[Stored items from a collection]
*** Begin section ***

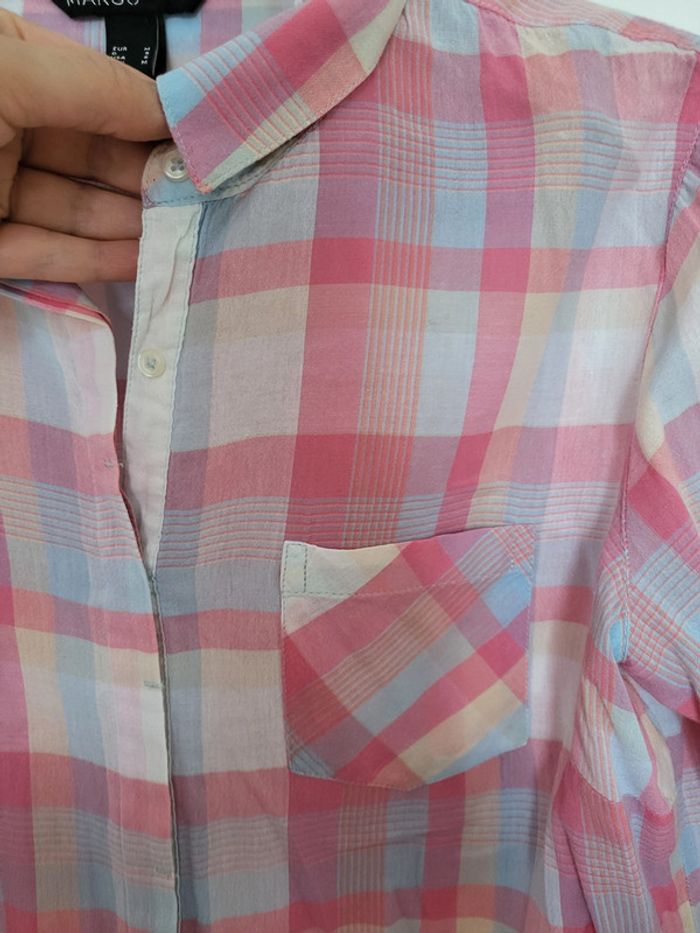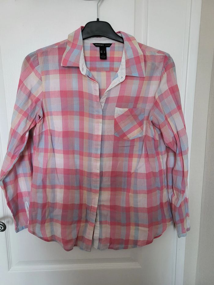 Chemise à carreaux rose bleu jaune blanc Mango Taille M #SILVVêtementsFtM
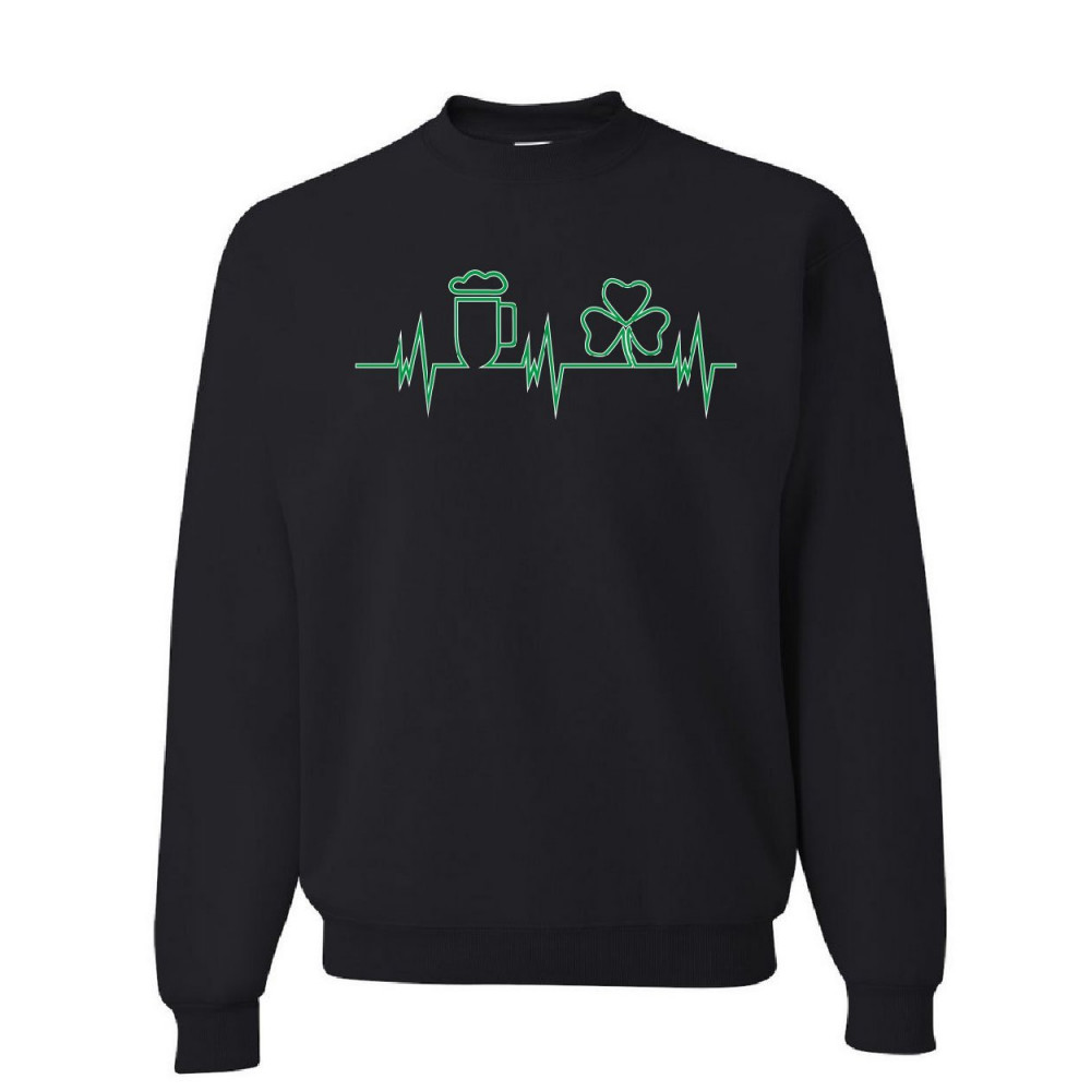 SHAMROCK & BEER HEARTBEET shamrock beer heartbeet sweatshirt st. patrick's day irish drinking sweater black
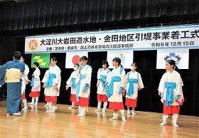 12月15日に、国の事業である大岩田遊水地の着工式があり、アトラクションとして、下長飯手拍子踊りを5年生・6年生の参加できる子どもたちが踊りました。多くのお客様を前に、子どもたちはとても緊張していましたが、すばらしい踊りを披露していました。鍬入れにも参加でき、とてもいい経験になりました。踊りの内村先生をはじめ、たくさんの方にお世話になりました。ありがとうございました。
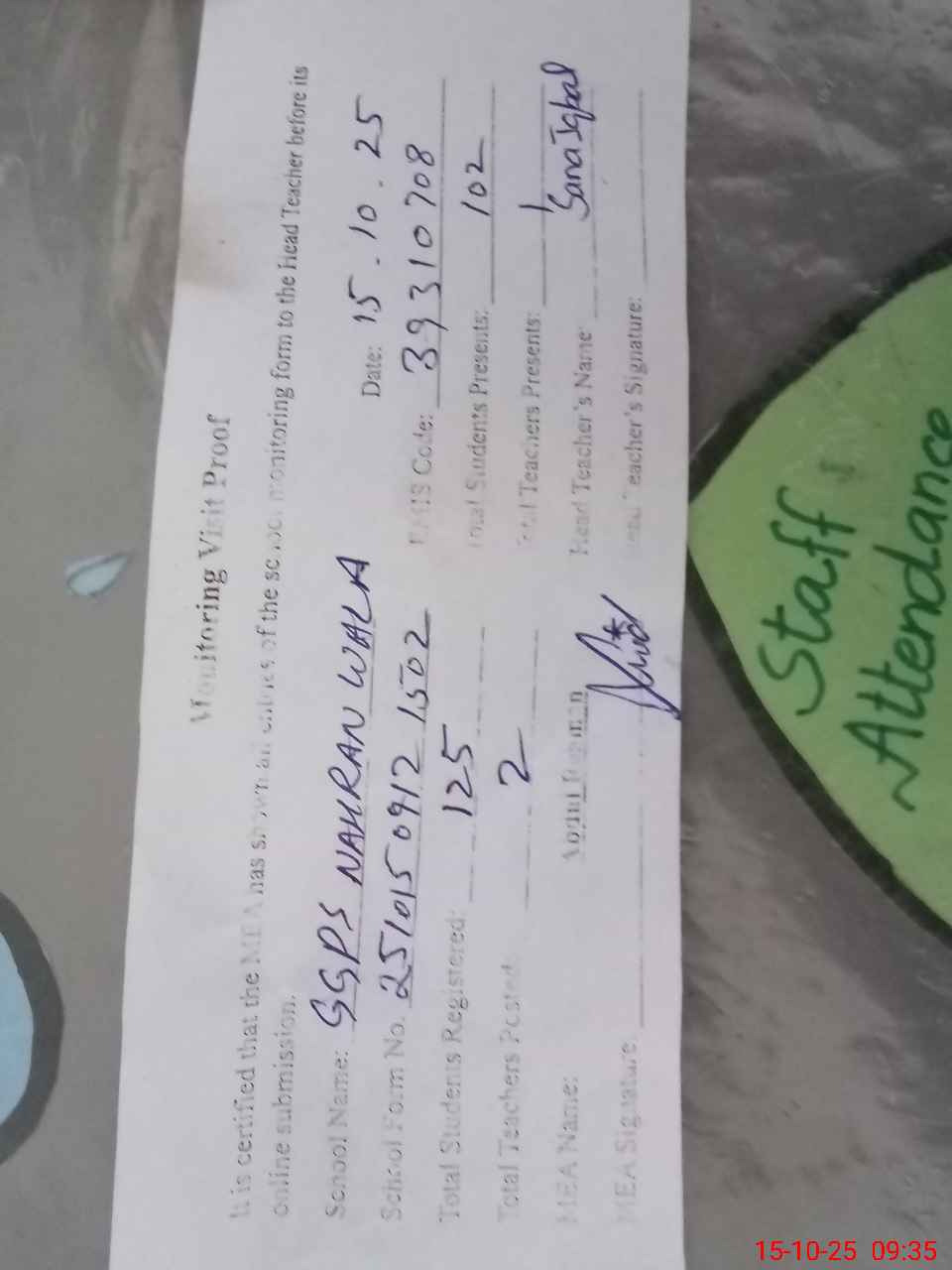 | Attendance Register | Head Teacher | MEA with School | Visit Proof |
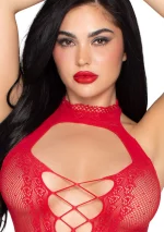Sweet in the front, cheeky in the back – the Dotted Net & Lace Halter Mini Dress is full of surprises. With flirty dotted net and heart details, the front brings a touch of playful romance. Turn around, and the faux lace-up design creates the illusion of a daring open back that teases just enough to set the mood. Cute, bold, and made for sexy moments.

*** End section ***

> Problem requirements:
Give again, word for word, every line from the top of the entries above to the line holding "Visit Proof |", both included. Leave the pictures out.

> Solution for this task:
 Chemise à carreaux rose bleu jaune blanc Mango Taille M #SILVVêtementsFtM
 SHAMROCK & BEER HEARTBEET shamrock beer heartbeet sweatshirt st. patrick's day irish drinking sweater black
 12月15日に、国の事業である大岩田遊水地の着工式があり、アトラクションとして、下長飯手拍子踊りを5年生・6年生の参加できる子どもたちが踊りました。多くのお客様を前に、子どもたちはとても緊張していましたが、すばらしい踊りを披露していました。鍬入れにも参加でき、とてもいい経験になりました。踊りの内村先生をはじめ、たくさんの方にお世話になりました。ありがとうございました。
 | Attendance Register | Head Teacher | MEA with School | Visit Proof |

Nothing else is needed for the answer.